A comprehensive tool for visualizing AMD Matrix Fused Multiply-Add (MFMA) instructions and generating optimized C++ kernel code.
This project builds upon the excellent work from AMD's Matrix Instruction Calculator repository. The calculator provides the core functionality for computing register layouts and matrix element mappings for AMD's matrix instructions.
- 🔍 Matrix Layout Visualization: View both Register Layout and Matrix Layout for all matrix operands (A, B, C, D)

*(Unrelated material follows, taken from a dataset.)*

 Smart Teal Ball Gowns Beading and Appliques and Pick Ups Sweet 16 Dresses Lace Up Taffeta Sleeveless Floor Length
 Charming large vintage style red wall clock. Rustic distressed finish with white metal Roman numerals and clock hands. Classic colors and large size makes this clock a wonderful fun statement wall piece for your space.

- 📊 Performance Metrics: See execution cycles, FLOPs, register usage, and co-execution capabilities
- 🚀 C++ Code Generation: Generate complete HIP/ROCm kernel code for any MFMA instruction
- 🎯 Multi-Architecture Support: CDNA1, CDNA2, CDNA3, RDNA3, RDNA4
- ⚙️ Modifier Support: Configure CBSZ, ABID, BLGP, OPSEL modifiers
# Run the main visualizer app
streamlit run mfma_visualizer.pyThe primary tool that provides:
- Interactive instruction selection with search
- Dual-view matrix visualization (Register Layout + Matrix Layout)

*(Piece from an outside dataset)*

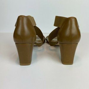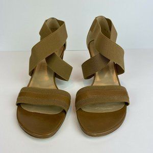 Light brown stretchy elastic criss cross upper with leather contrast. Slip on style. Chunky block heel. Open toe. Leather backs, lining and sole.

- Performance metrics display
- C++ kernel code generation with download
- Mapping formula display
Standalone module for generating MFMA kernel code:
from generate_mfma_code import generate_mfma_cpp
code = generate_mfma_cpp(
arch="cdna1",
instruction="v_mfma_f32_16x16x16f16",
cbsz=0, abid=0, blgp=0, opsel=0,
wavefront=64
)Generated code includes:
- Complete HIP kernel implementation
- Fragment types with correct VGPR sizing
- Load/store functions with detailed register mapping comments
- MFMA builtin wrapper
- Test harness structure
The underlying matrix calculator from AMD that provides:
- Register layout calculations
- Matrix element to register/lane mappings
- Instruction metadata
mfma/
├── mfma_visualizer.py # Main Streamlit app with all features
├── generate_mfma_code.py # C++ kernel code generator
├── README.md # This file
├── amd_matrix_instruction_calculator/ # AMD's matrix calculator
├── examples/ # Generated C++ examples
├── tests/ # Test scripts
├── docs/ # Documentation and analysis
└── old_versions/ # Previous app versions (archived)
-
Visualize MFMA Instructions:
- Select architecture (e.g., CDNA1)
- Choose instruction (e.g., v_mfma_f32_16x16x16f16)
- View register layouts and performance metrics
-
Generate C++ Code:
- Configure modifiers if needed
- Click "Generate C++ Code"
- Download the complete kernel implementation
-
Understand Register Mappings:
- View both Register Layout (full matrix view)
- See Matrix Layout (grouped by register)
- Check mapping formulas for manual calculations
- Python 3.8+
- Streamlit
- Pandas
- NumPy
- Plotly
pip install streamlit pandas numpy plotly- VGPR Grouping: For f16/bf16 data types, each VGPR holds two K values in different bit ranges ([0:15] and [16:31])
- Memory Access: The visualizer shows which loads are contiguous (can be vectorized) vs non-contiguous
- Register Efficiency: Matrix C/D loads/stores are typically contiguous for optimal performance
For issues or questions about the AMD Matrix Instruction Calculator, refer to the original documentation in amd_matrix_instruction_calculator/README.md.
The AMD Matrix Instruction Calculator is used under its original license. Please see amd_matrix_instruction_calculator/LICENSE for details.
Special thanks to AMD for providing the Matrix Instruction Calculator tool, which makes this visualization and code generation possible.